What to work on
Print only the lines below from the one with "Pink fabric flower" to the one with "Komplekte yra Li-ion", both included, exactly as they stand. Leave pictures out.

[Records from a data collection]
_ _ _
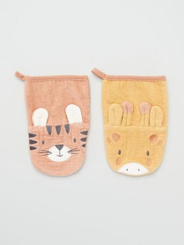 - Lot de 2 gants de toilette 'animaux' - 100% coton - Dimensions : 21 x 13 cm
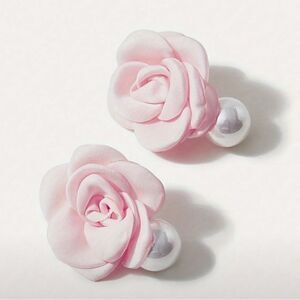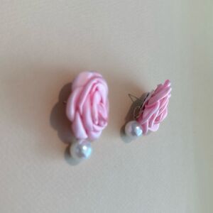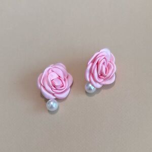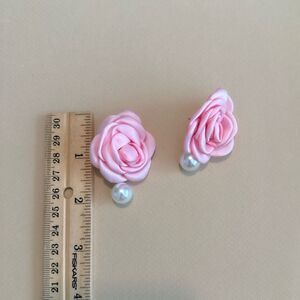Pink fabric flower pearl drop dangle stud earrings in gold tone hardware
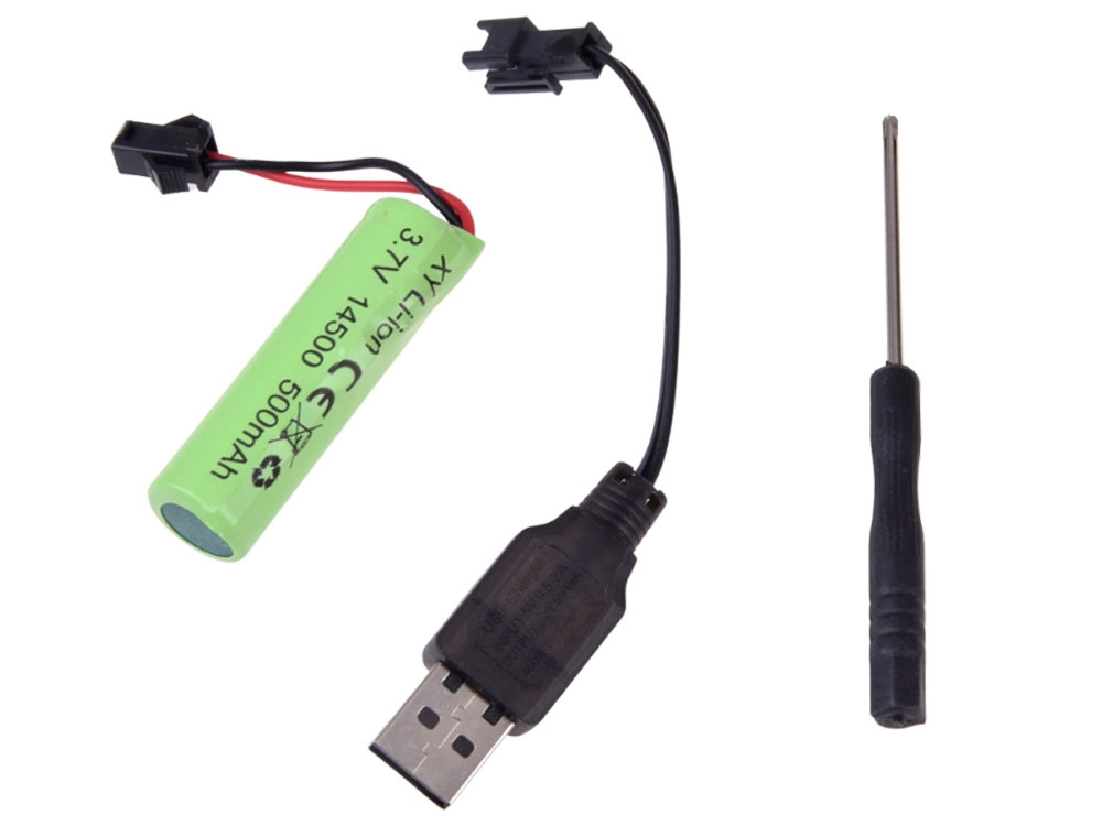 Komplekte yra Li-ion baterija 14500 3,7 V ir USB kabelis patogiam įkrovimui. Pirmasis įkrovimas trunka maždaug 1 valandą.
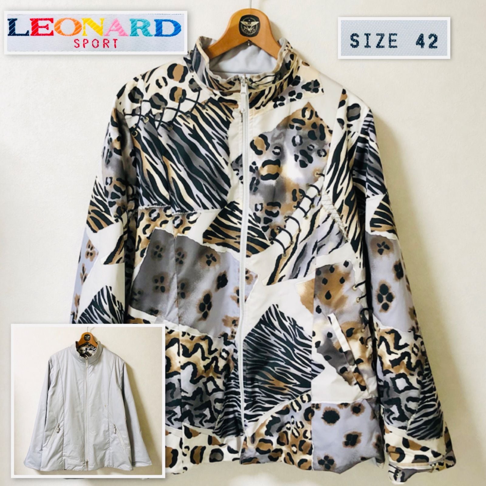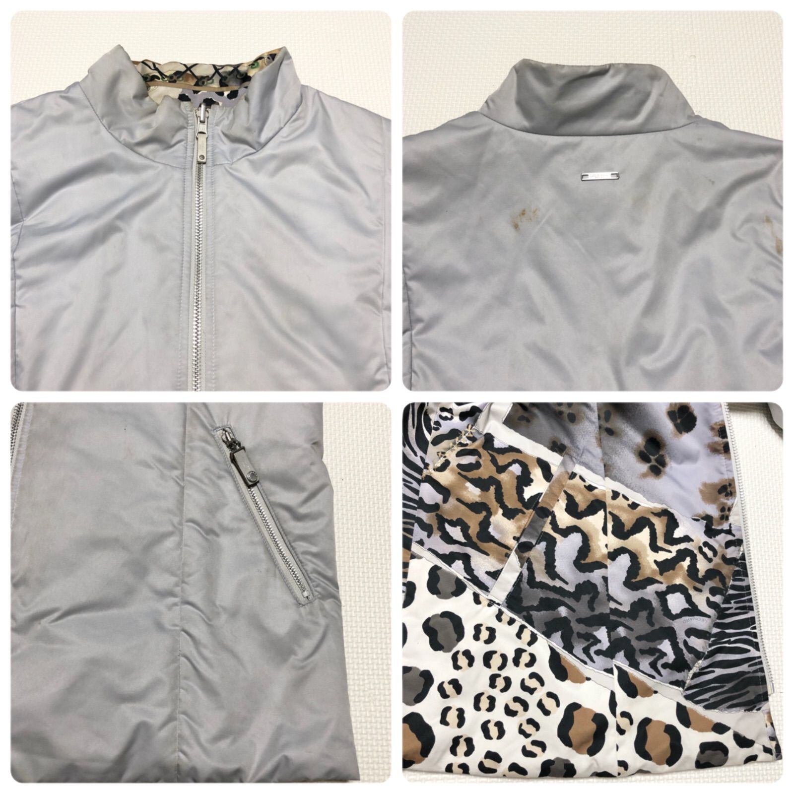 ■柄面美品■希少デザイン■LEONARD SPORT レオナールスポーツ 2way 中綿リバーシブルジャケット ブルゾン ネコ科アニマル柄×グレー系 size42(サイズXL相当) ビッグサイズ ポリエステル100% 日本製 レディース
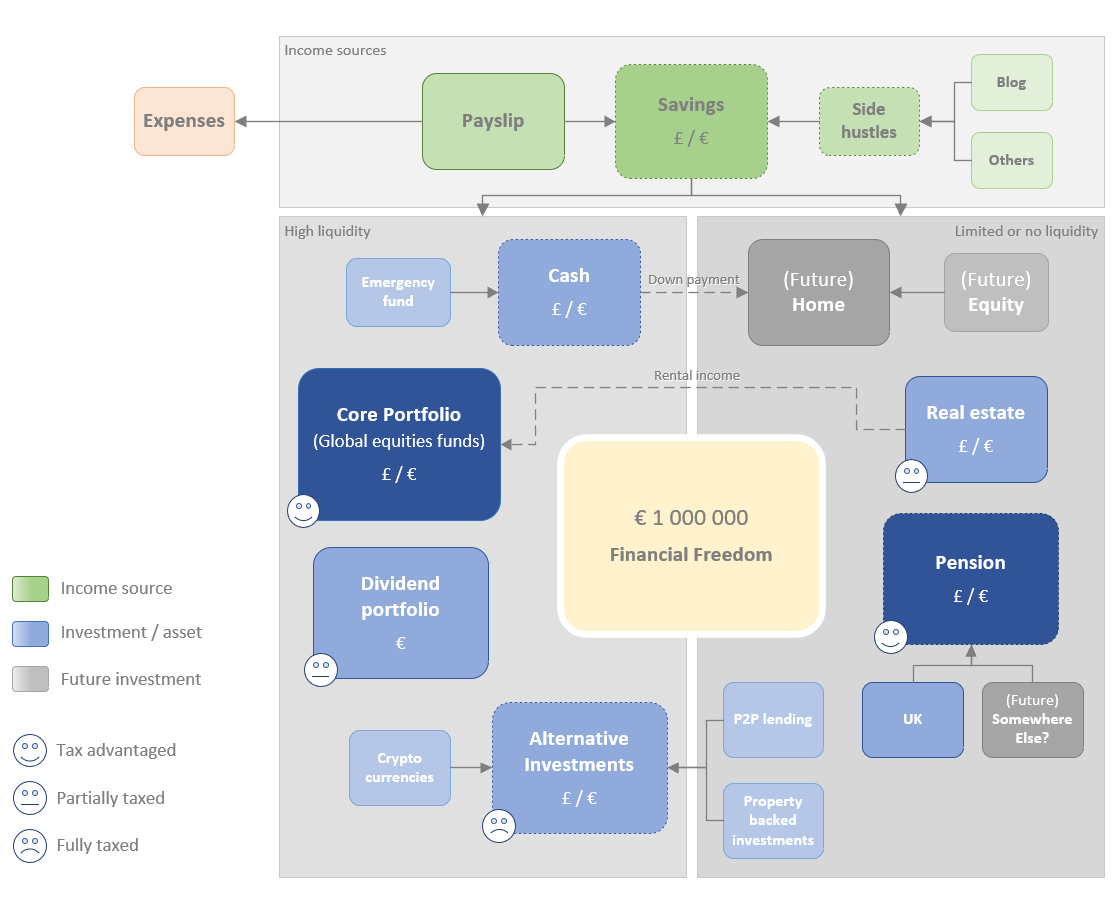 The main goal is reaching a €1.000.000 Net Worth. This will be more than enough to provide me with financial freedom and long term financial stability.
_ _ _
Solution for this problem
Pink fabric flower pearl drop dangle stud earrings in gold tone hardware
 Komplekte yra Li-ion baterija 14500 3,7 V ir USB kabelis patogiam įkrovimui. Pirmasis įkrovimas trunka maždaug 1 valandą.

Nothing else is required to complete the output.